PSC members expressed a healthy skepticism about NorthWestern Energy's proposal and unanimously opposed the utility's proposed cost increase for new solar units that allow customers to generate some of their own power and sell the excess back to NWE.

This decision is welcome for the small Montana businesses that sell and install solar panels, for the 2,100 or so NWE customers who net meter now and those who will want to add solar panels to their homes in the future. But the five-member, all-Republican PSC has many other, much larger decisions that require urgent attention. As Montana's largest monopoly utility, NorthWestern provides electricity to 370,000 Montana customers.

As previously reported by The Gazette's Tom Lutey, commissioners voted Oct. 30 to increase NorthWestern rates $6.5 million across several classes, but left the solar rooftop/net metering issue unresolved until Nov. 25.

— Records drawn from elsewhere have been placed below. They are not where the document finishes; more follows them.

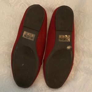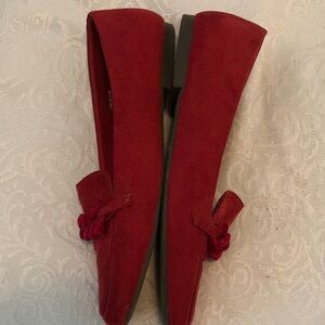 Elegant scarlet loafers with chain detail. Perfect blend of style and comfort.
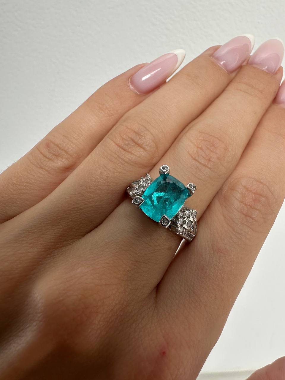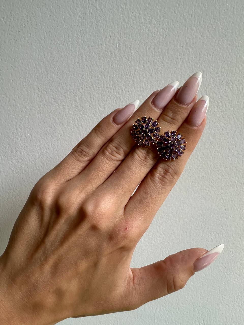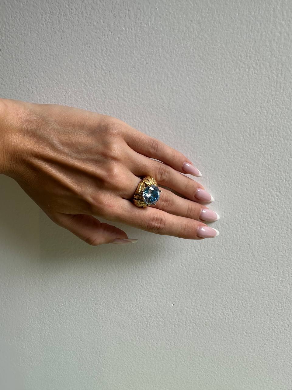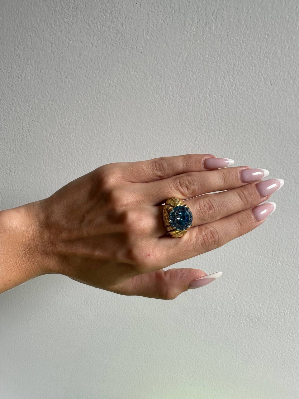 Кольцо с синем сапфиром, в обрамлении цирконов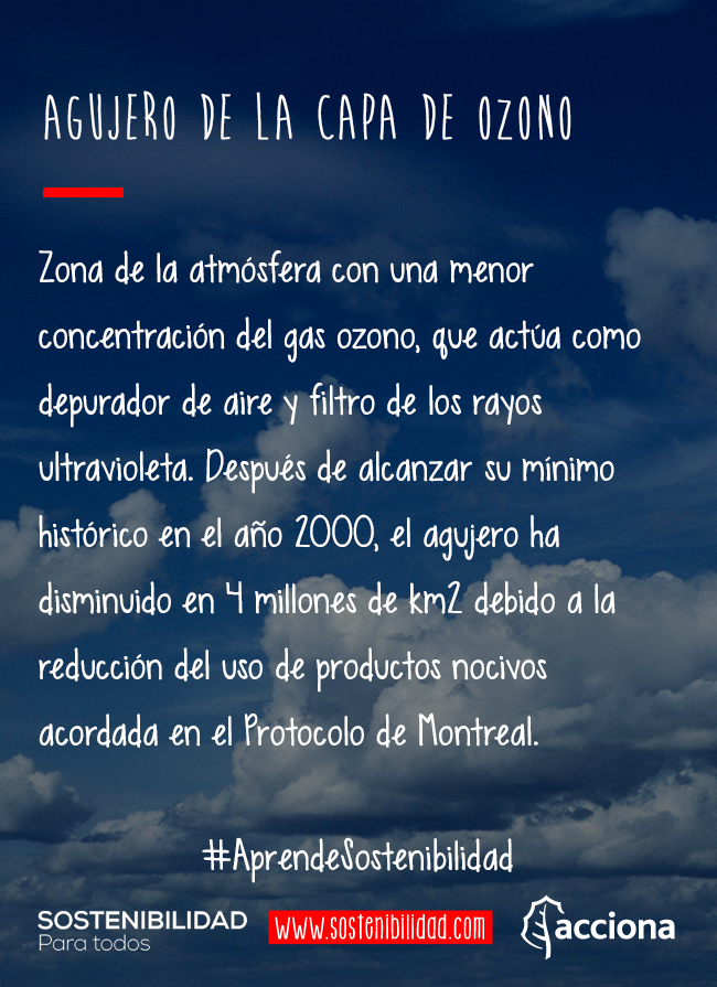 El agujero de la capa de ozono es la zona de la atmósfera con una menor concentración del gas ozono, que actúa como depurador de aire y filtro de los rayos ultravioleta.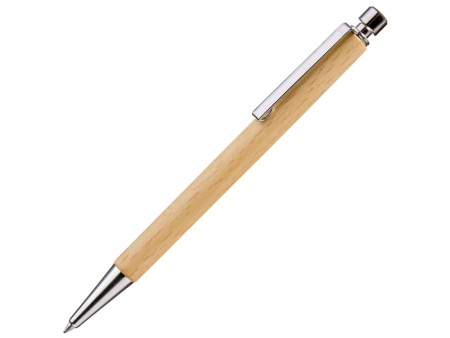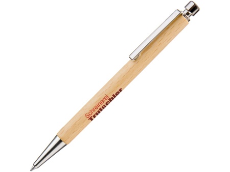 Деревянная шариковая ручка из сертифицированного PEFC массива немецкого бука с никелированным металлическим клипом, металлическим наконечником и металлической кнопкой.

Also on Nov. 25, the PSC added the six-turbine Two Dot wind farm to NorthWestern’s rate base, meaning customers will now, over time, pay for utility’s $18.5 million purchase of the wind farm as well as maintenance and operations costs.

A larger issue is paying for NorthWestern's 30% share of Colstrip Unit 4, which a previous PSC put into the rate base in at $407 million in 2008 (one year after NWE actually paid $186 million for it). Ratepayers currently remain on the hook for $300 million of that cost, having paid off the first $100 million with interest at 8.24%.

That debt assigned to NWE Montana customers is scheduled to be paid off by 2042, the year that NWE says it plans to retire its interest in Colstrip Unit 4.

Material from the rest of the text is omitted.